Блондин передал ему бумаги, и Тамм склонился над ними. Миссис Хэттер, больше не взглянув ни на тело мужа, ни на его вещи, начала обматывать шарфом тощую шею.
— Почерк, безусловно, его, — пробормотал инспектор. — О'кей, думаю, это решает дело. — Тем не менее он спрятал в карман записку и другие образцы почерка, после чего посмотрел на плиту. Доктор Мерриэм только что накрыл тело простыней. — Что скажете, доктор? Вы знаете, как выглядел Йорк Хэттер. Это он?
— По-моему, да, — ответил старик, не глядя на Тамма.
— Мужчина лет шестидесяти, — неожиданно заговорил доктор Шиллинг. — Маленькие руки и ноги. Очень старый обрубок аппендикса. Лет шесть-семь назад перенес операцию — вероятно, по поводу камней в желчном пузыре. Эти данные соответствуют, доктор?
— Да. Я сам удалил ему аппендикс восемнадцать лет назад. Другая операция — камень в печени. Не слишком серьезный случай. Оперировал Робинс из клиники Джона Хопкинса… Да, это Йорк Хэттер.

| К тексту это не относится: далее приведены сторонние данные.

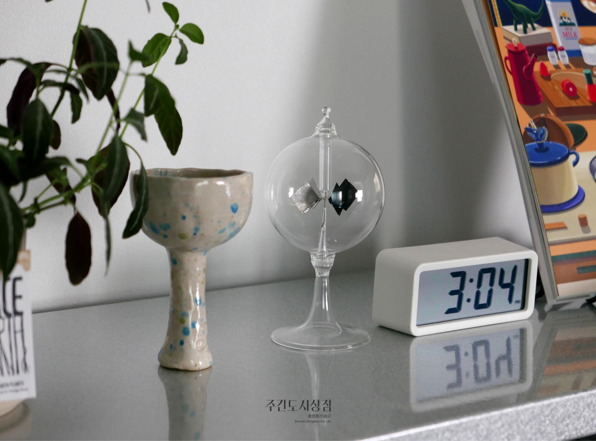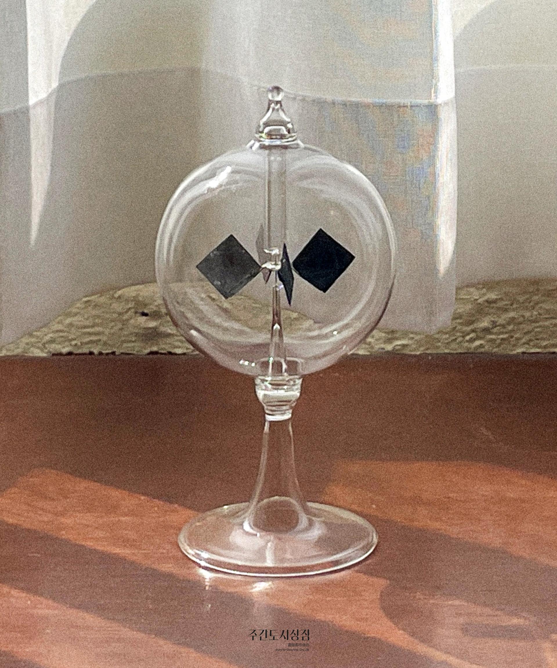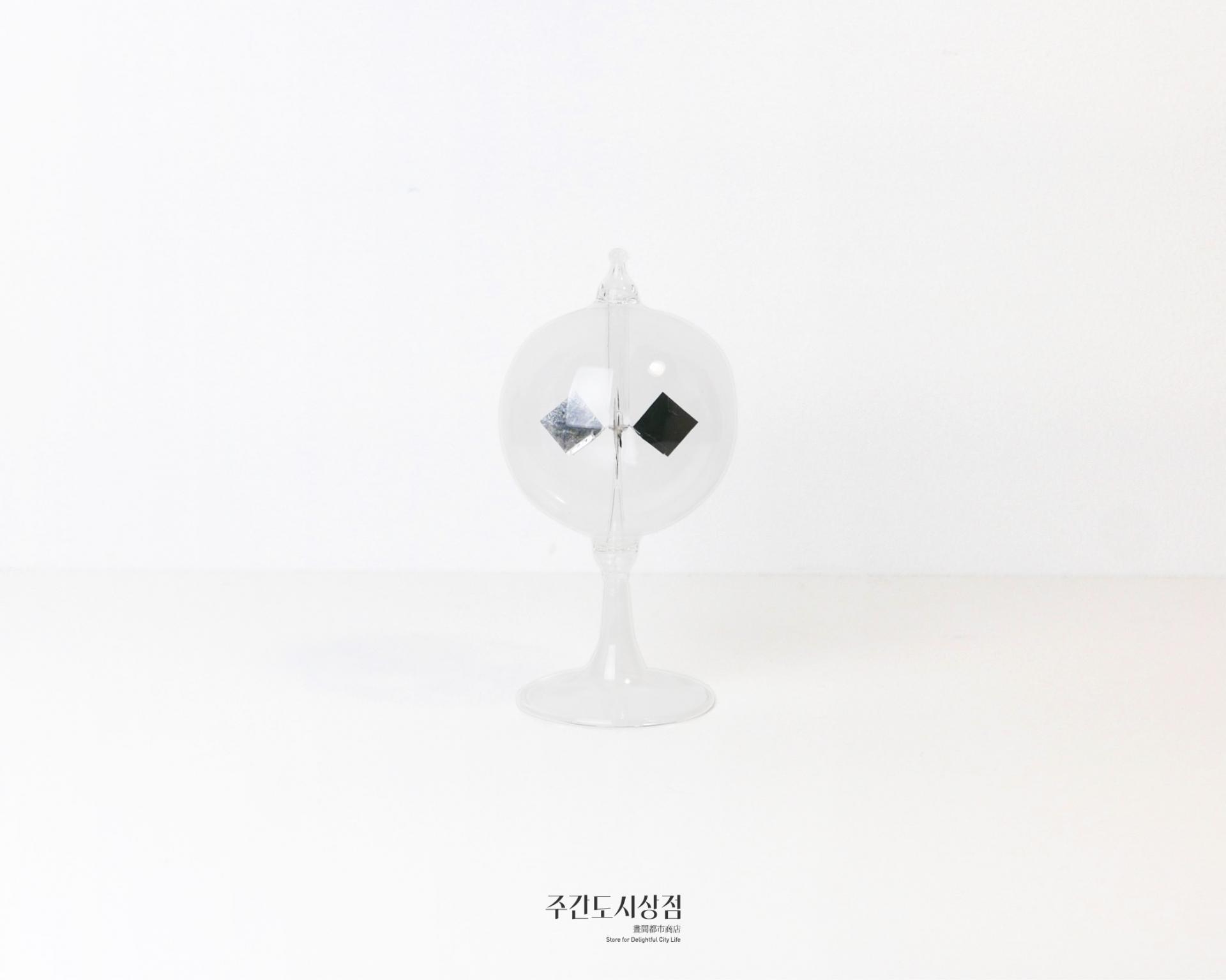 유리 내에 있는 날개의 한쪽 면에 붙은 검은 물체가 적외선을 포함한 빛에 반응하여 돌아가는 인테리어 오브제입니다. 라디오미터는 빛의 강도와 광원에 따라 회전하는 속도가 달라지니 빛이 들어오는 창가나 백열등 근처에 두고 날개가 움직이는 모습을 즐겨보세요.

— Конрад, сделай приготовления к похоронам, — распорядилась старуха. — Только без лишнего шума. Краткое объявление в газетах, никаких цветов. Займись этим сразу же. — Она направилась к двери. Капитан Триветт смущенно поплелся следом. Конрад Хэттер что-то пробормотал, очевидно выражая согласие.
— Одну минуту, миссис Хэттер, — сказал инспектор Тамм.
Старая леди остановилась и сердито повернулась к нему.
— Не так быстро. Почему ваш муж покончил с собой?
— Я думаю… — начал блондин.
— Конрад! — Он съежился, как побитый пес. Старуха подошла к инспектору так близко, что он ощутил кисловатый запах ее дыхания. — Что вам нужно? — осведомилась она. — Вы ведь не сомневаетесь, что мой муж покончил жизнь самоубийством?
— Конечно нет, — отозвался удивленный Тамм.
— Тогда дело закрыто, Я не желаю, чтобы кто-то из вас беспокоил меня снова. — Старуха снова двинулась к выходу, сопровождаемая капитаном Триветтом, чье лицо выражало явное облегчение. Конрад судорожно глотнул и последовал за ними. Тощие плечи доктора Мерриэма опустились еще ниже — он также молча удалился.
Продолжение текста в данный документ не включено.